The formula is significant because mobility rates can have large variation depending on the formula. The graph below compares the GOSA rate to an alternative rate, labeled the “new student rate”, defined as the percentage of students enrolled on May 1 who started at the school on or after October 1.

Notice the new student mobility rate is usually less than half the GOSA rate. This is because the GOSA rate counts both entries and exits, while the new-student rate only counts entries. Also, if a student moved into and then left a school, the GOSA rate would count that student twice. Both rates are useful, but the new student rate is more helpful context for state-testing results. Because state testing occurs in late April, the new student mobility rate is a close approximation of the percentage of tested students in a school who transferred into the school mid-year.

Effect of Mobility
To look at the effect of mobility, we look at the student growth percentiles of mobile versus non-mobile students. Student growth percentiles (SGP) are calculated by the state, and report a student’s percentile of test score growth compared to other students with similar prior test scores. As percentiles, SGP are reported on a hundred point scale.

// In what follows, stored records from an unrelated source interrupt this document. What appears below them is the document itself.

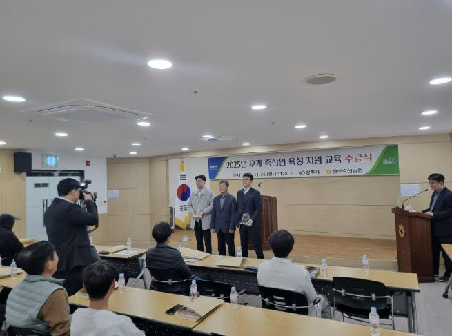 [파이낸셜경제=김지훈 기자] 상주시는 11월 24일 상주축산농협 유통센터 대회의실에서 후계 축산인 육성 교육 수료생을 격려하는‘후계 축산인 육성 교육 수료식’을 성황리에 개최했다.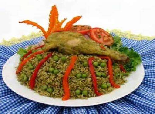 Delicioso arroz cocido en fume con especias peruanas acompaado de pollo en una combinacion de cilantro, zanahoria, pimiento y choclo peruano.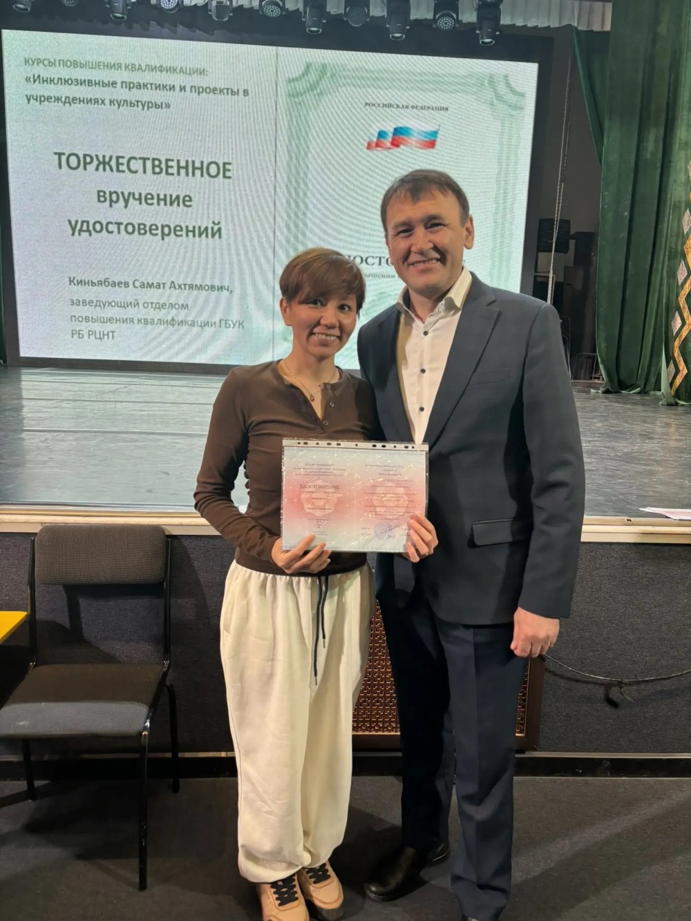 Кульминацией третьего дня стало торжественное вручение удостоверений о повышении квалификации. Это стало официальным подтверждением новых знаний и навыков, полученных участниками. Ярким дополнением к насыщенной программе обучения стала экскурсия в театры республики.

APS students in grades 3-8 who changed schools during the 2017 school year had an SGP score 9.2 points lower in math, and 3.6 points lower in ELA than their non-mobile peers1. However, mobile students might differ from non-mobile students in more ways than just their mobility. To improve the comparison between mobile and non-mobile students, we use linear regression to control for other student characteristics related to student growth.

The table below reports regression results of 2017 SGP score2 regressed on mobility, English learner status, direct certification for free lunch, special education status, and school fixed effects3. After controlling for these other factors, mobile students have an SGP score 5.5 points lower in Math and 1.1 points lower in ELA than their non-mobile peers. The ELA difference is not statistically significant.

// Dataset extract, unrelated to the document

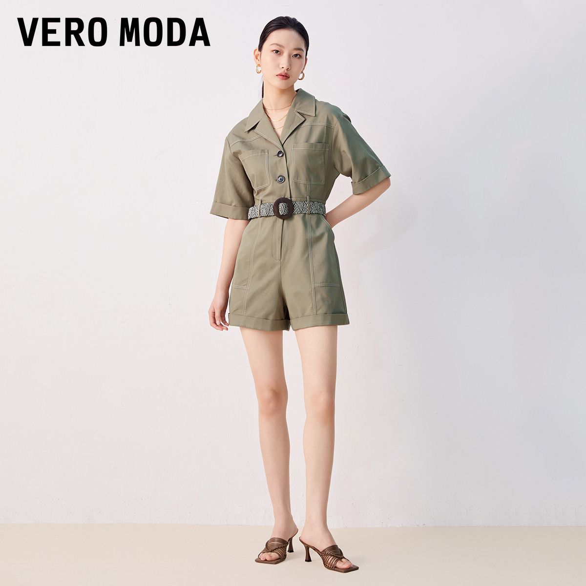Vero Moda奥莱连体短裤子女秋冬清仓翻领直筒中袖休闲简洁工装风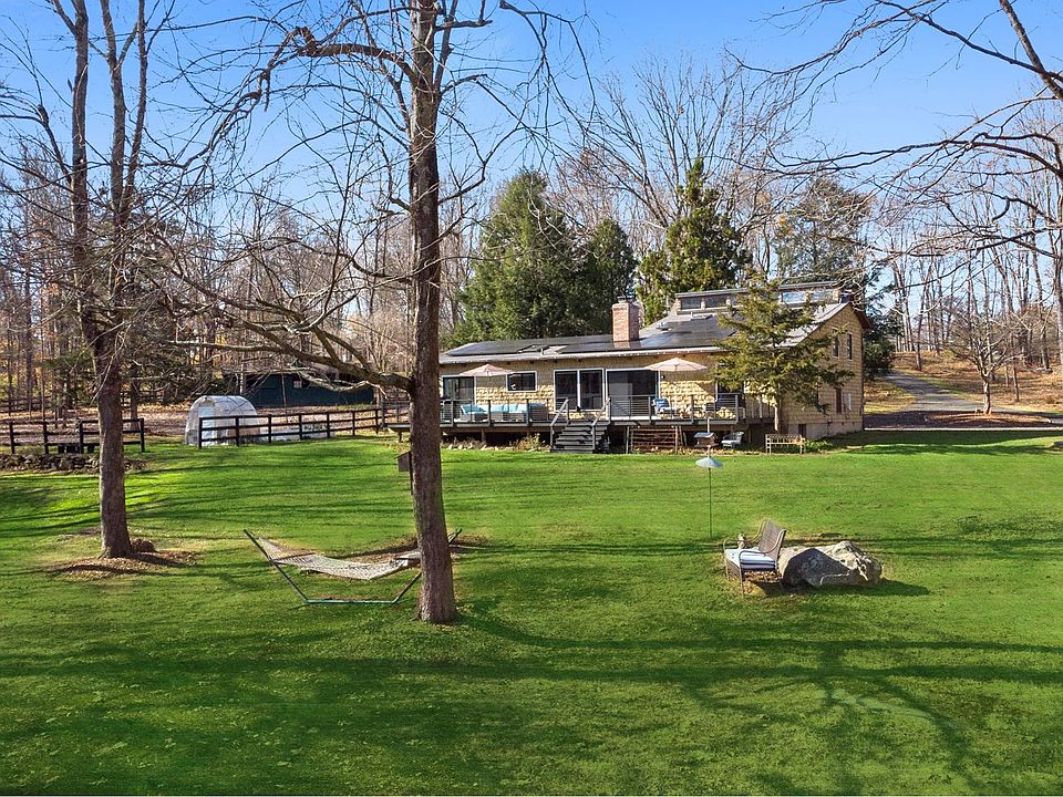 Welcome to "PONDVIEW" which is a wonderful 3,153 sq ft Country Contemporary that includes a 939 sq ft finished lower level. This home is sited on 5.49 private acres and has 3 bedrooms (lives like 4 bdrms) and 2 full baths. A large deck overlooks an expansive level backyard creating the ultimate park like setting with a pond, 3 Stall barn and paddock. The home features a new kitchen, new windows, new Solar Power system, and more! Upstairs there are 3 bedrooms and a full bathroom. The property allows for plenty of room to add a pool and tennis court and this home provides an ideal retreat for country living! Taxes do not include a Star Rebate of $1,689.78.

Table 1: SGP Regression Results
Regression results of SGP on mobility.

Mobility has a larger coefficient than direct certification and English Learner status in the math model, but this is because the dependant variable is test score growth. The other control variables are less temporal than mobility- a student who is direct certification this year tends to be direct certification the previous year. So the larger relationship between direct certification and achievement is mostly differenced out when measuring growth.

For context at the student level, a 5 point improvement in math SGP score typically translates to about five scale score points, which is 10% of the distance from developing to proficient achievement levels (475 to 525). At the school level, note that a school with a 20% new-student mobility rate would then have a Math SGP average that is one point lower due to mobile students (20% x 5 points).

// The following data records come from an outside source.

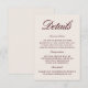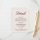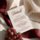 Provide guests with all the essential information in style with this elegant wedding details card. Featuring a deep burgundy background paired with refined serif and script typography, this insert is perfect for formal, vineyard, or evening weddings. Use it to share travel directions, hotel accommodations, RSVP instructions, or your wedding website link. Fully customisable. Coordinates with the matching “Sabrina” —follow the link on this page to view matching signage, menus, invitations, and more. • Mockups for this design were created using Midjourney AI.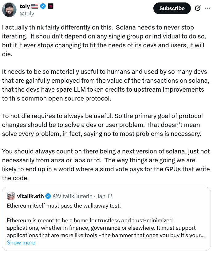 O CEO da Solana Labs, Anatoly Yakovenko, disse que quer que a Solana seja uma rede em constante evolução, atualizando continuamente para atender às necessidades em mudança dos usuários, contrastando com a visão de Vitalik Buterin de Ethereum como uma blockchain autossustentável.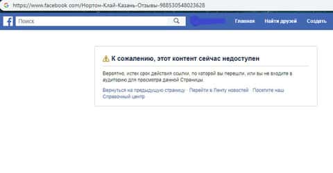 Дабы соответствовать современным трендам шулера Нортон Клай решили обзавестись страницами в различных социальных сетях, одной из которых стала Facebook. Однако при переходе на данную страницу по ссылке с сайта мошенников North Clai выскочит уведомление о том, что данная страница попросту не доступна, что вы можете увидеть на изображении ниже.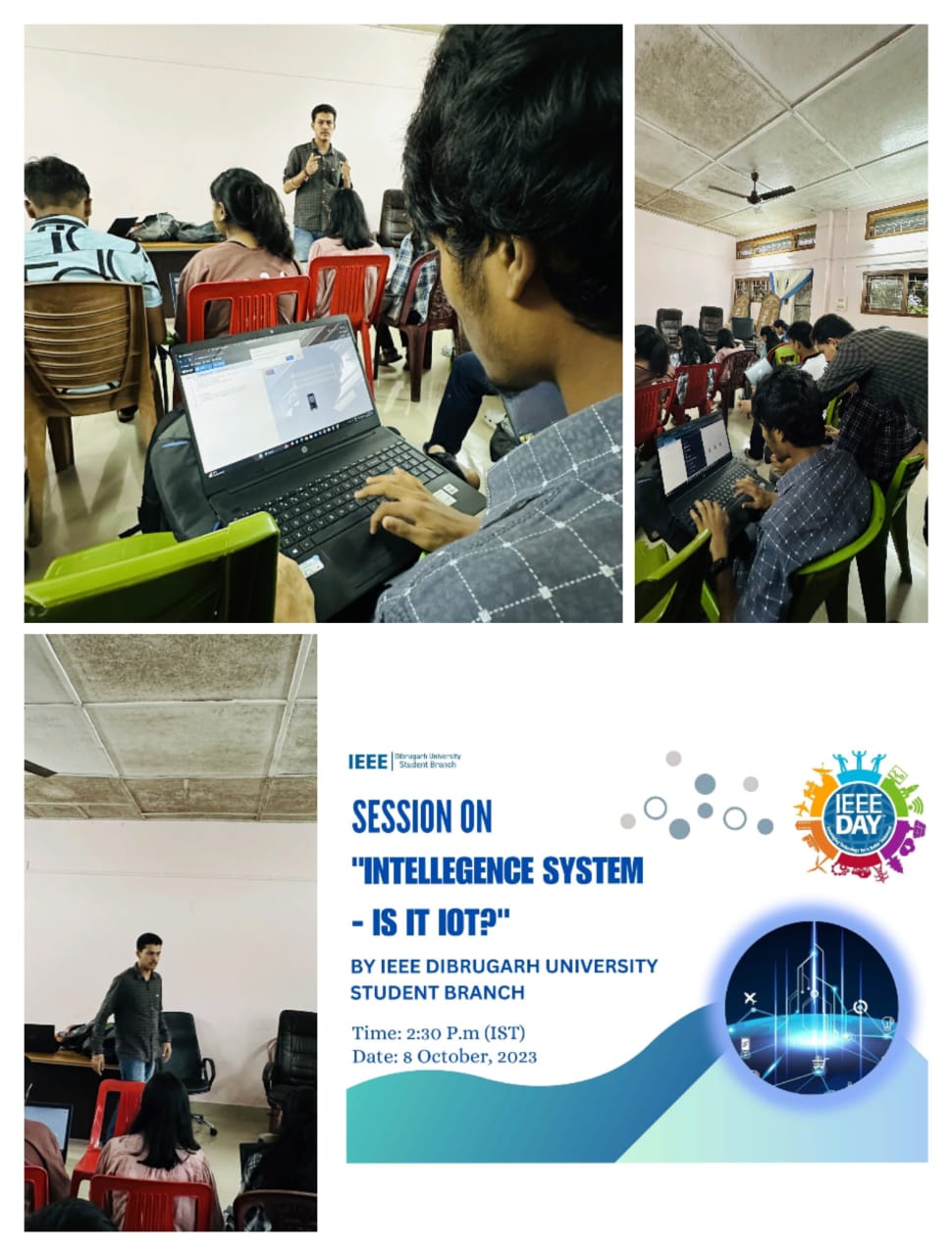 With the new initiative on IEEE Day, our IEEE Dibrugarh Univ Student Branch hosted an event on 8th October'23 titled "Intelligent System - Is it IoT," aimed at providing participants with a foundational knowledge of the Internet of Things (IoT) while engaging them with a practical project. The event's highlights included a hands-on project where participants collaborated to create a virtual "smart building." Guided by one of our members Hirak Jyoti Adhikari, who provided valuable insights and tutoring, students used Wowki and Blynk software platforms to perform their project. This practical experience allowed them to apply IoT concepts and offered a glimpse into the exciting world of smart technology. This virtual smart building showcased the potential of IoT, with features like automated temperature and lighting control, as well as remote monitoring of security systems.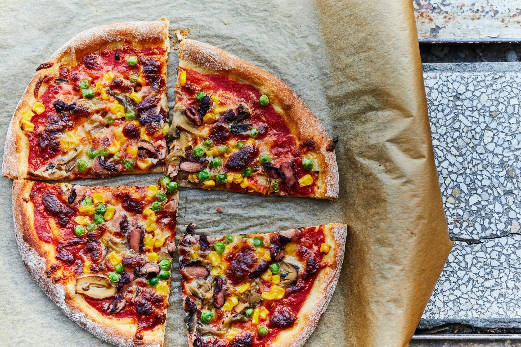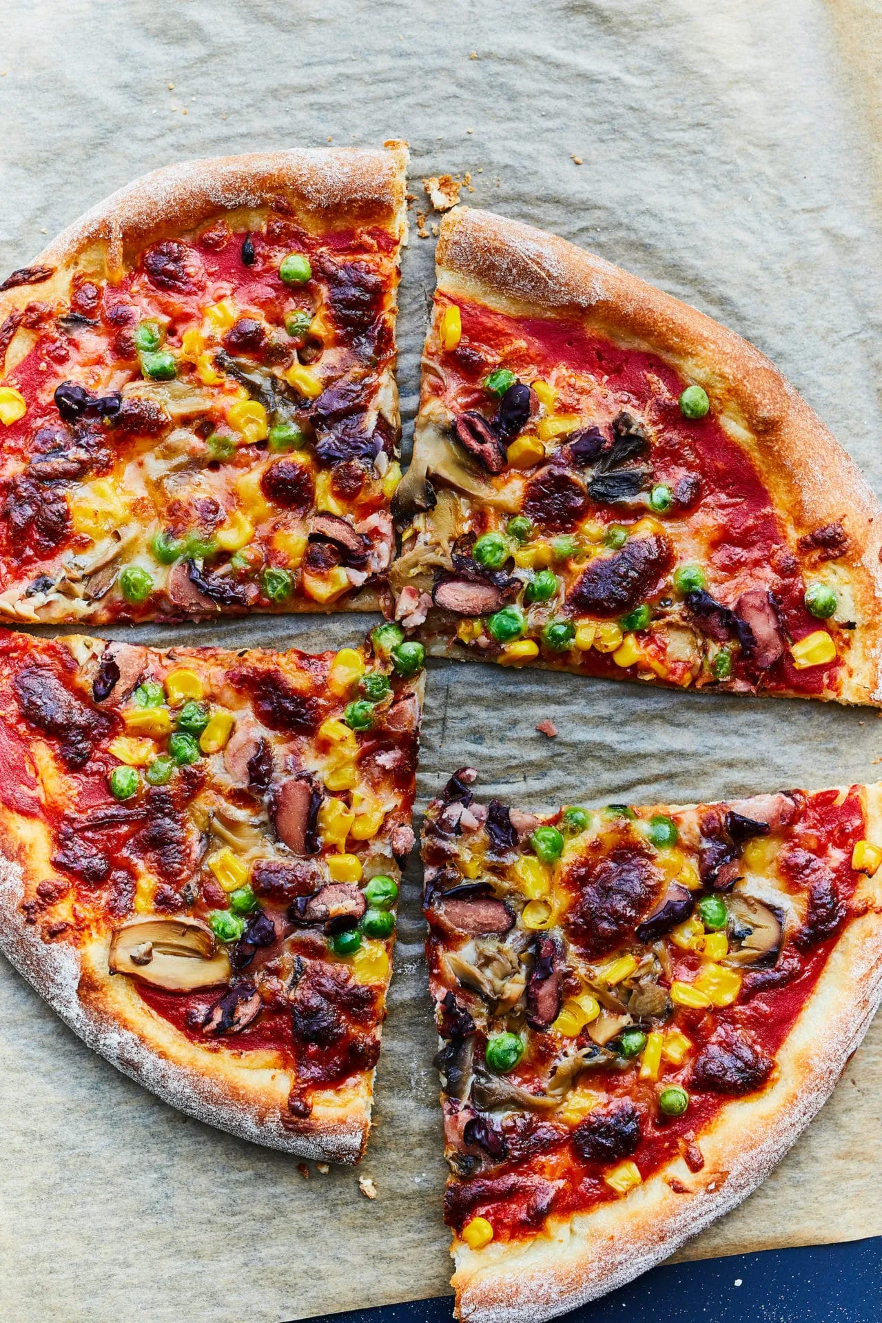 Ha megkelt, kinyújtuk a tésztákat, és sütőpapírral bélelt tepsire tesszük őket. Megkenjük a passatával, rátesszük a reszelt sajtot, megszórjuk 1-1 marék babbal, borsóval, gombával és kukoricával. 230 fokra előmelegített sütőben 10-15 perc alatt készre sütjük.

The controls in the regression equation above are limited, and likely do not fully capture the difference in family circumstances between mobile and non-mobile students. For example, a student might be mobile because of a divorce or family seperation, which could have an effect on student achievement independent of mobility. So the reported SGP gaps are likely an over-estimate of the actual effects of mobility.

Footnotes

  1. This statistic compares students who moved into an APS school between September 30 and state testing in late April to APS students who did not change schools during that period.
  2. A more typical method would be to use student test score as the outcome variable instead of SGP, and control for prior test scores. This method would also result in much higher R-square values. However, using SGP allows us to include students who transferred in from out of district, which is a large percentage of mobile students.
  3. “School fixed effects” means that we are controlling for the average SGP effect of each individual school.